╔══
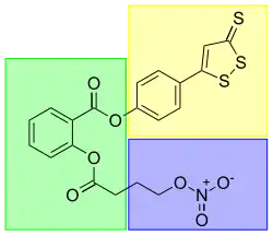 NOSH-Aspirin is a category of new hybrids of acetylsalicylic acid, bearing both nitric oxide (NO)- and hydrogen sulfide (H2S)- releasing areas. Preliminary studies have found that four NOSH variants, evaluated in eleven different human cancer cell lines, were effective in inhibiting the growth of these cell lines. NOSH-1 was also devoid of any cellular toxicity, and was comparable to aspirin in its anti-inflammatory properties.[1][2]
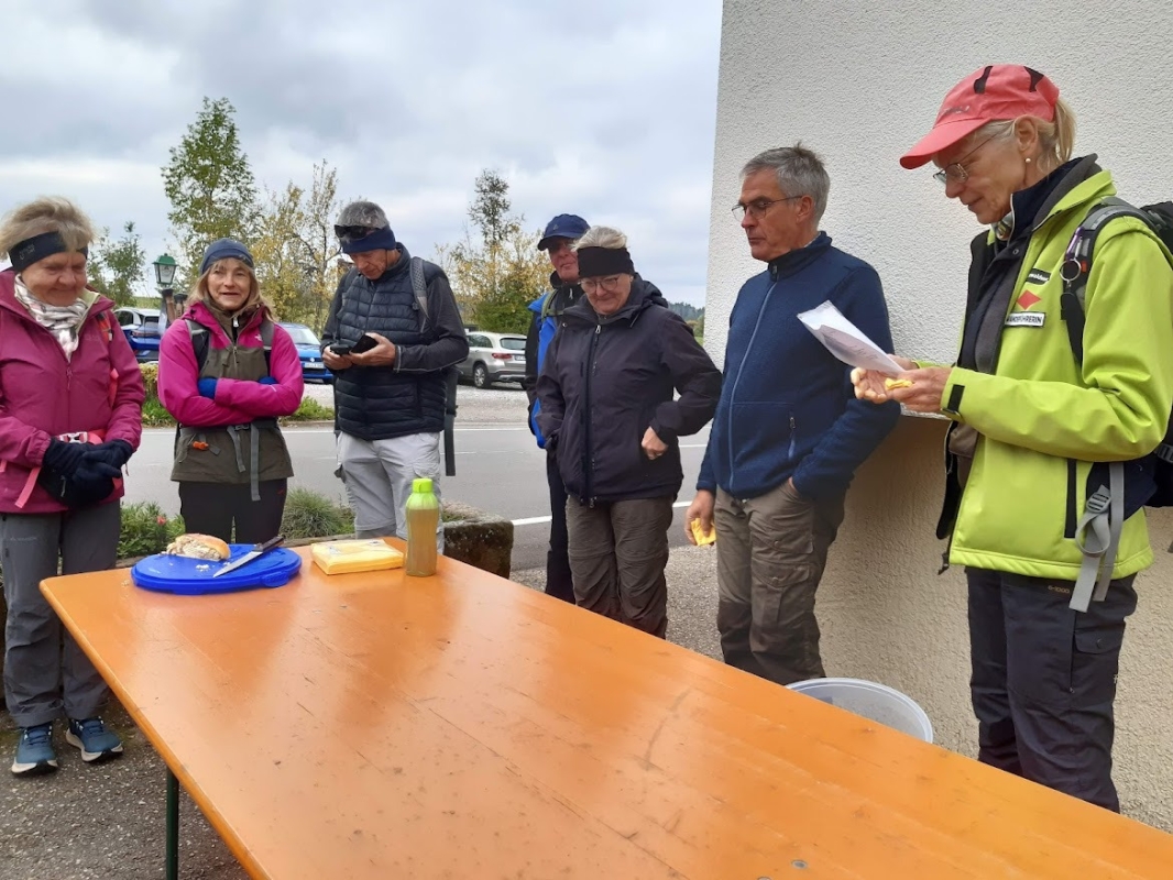 Am Dienstag, den 14.10.25 fuhren wir in Fahrgemeinschaften in Richtung Hornberg nach Fohrenbühl. Angekommen am Ausgangspunkt Landgasthof Schwanen, erwartete uns eine feine Überraschung. Gerhard Rink verteilte zur Stärkung einen hausgemachtem Hefezopf vor unserem Hotel.
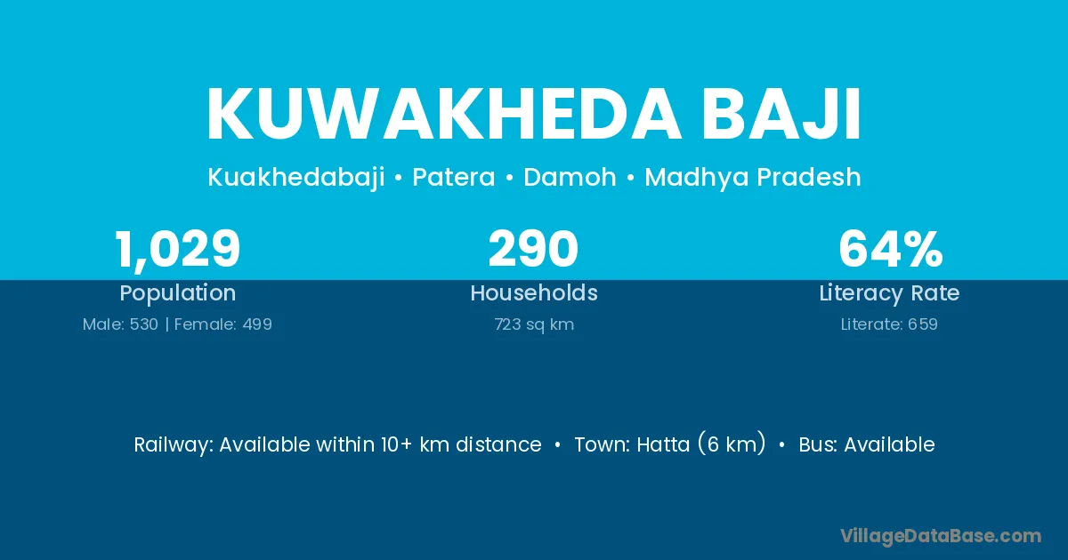 Hatta (6 km) is the nearest town to Kuwakheda Baji village for major economic activities and is located approximately 6 km away.
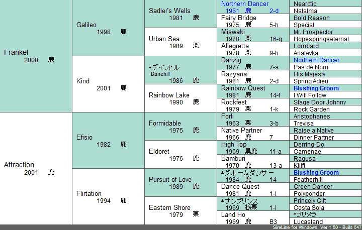| 5代クロス | 父系×母系 Blushing Groom 5×5父系内のみ Northern Dancer 4*5母系内のみ なし | |
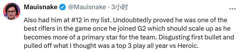 Mauisnake:在我的排名榜单里,我也把他排在第12位。毫无疑问,自从加入G2后,他就证明了自己是游戏中最出色的步枪手之一。随着他在队伍中逐渐成为核心明星选手,他的表现还会更上一层楼。他的首发射击准度惊人,在对阵Heroic的比赛中,他打出了我心目中年度最佳的前三操作。
╚══
An exact retyping of each record, with no pictures, is the answer required.

 NOSH-Aspirin is a category of new hybrids of acetylsalicylic acid, bearing both nitric oxide (NO)- and hydrogen sulfide (H2S)- releasing areas. Preliminary studies have found that four NOSH variants, evaluated in eleven different human cancer cell lines, were effective in inhibiting the growth of these cell lines. NOSH-1 was also devoid of any cellular toxicity, and was comparable to aspirin in its anti-inflammatory properties.[1][2]
 Am Dienstag, den 14.10.25 fuhren wir in Fahrgemeinschaften in Richtung Hornberg nach Fohrenbühl. Angekommen am Ausgangspunkt Landgasthof Schwanen, erwartete uns eine feine Überraschung. Gerhard Rink verteilte zur Stärkung einen hausgemachtem Hefezopf vor unserem Hotel.
 Hatta (6 km) is the nearest town to Kuwakheda Baji village for major economic activities and is located approximately 6 km away.
| 5代クロス | 父系×母系 Blushing Groom 5×5父系内のみ Northern Dancer 4*5母系内のみ なし | |
 Mauisnake:在我的排名榜单里,我也把他排在第12位。毫无疑问,自从加入G2后,他就证明了自己是游戏中最出色的步枪手之一。随着他在队伍中逐渐成为核心明星选手,他的表现还会更上一层楼。他的首发射击准度惊人,在对阵Heroic的比赛中,他打出了我心目中年度最佳的前三操作。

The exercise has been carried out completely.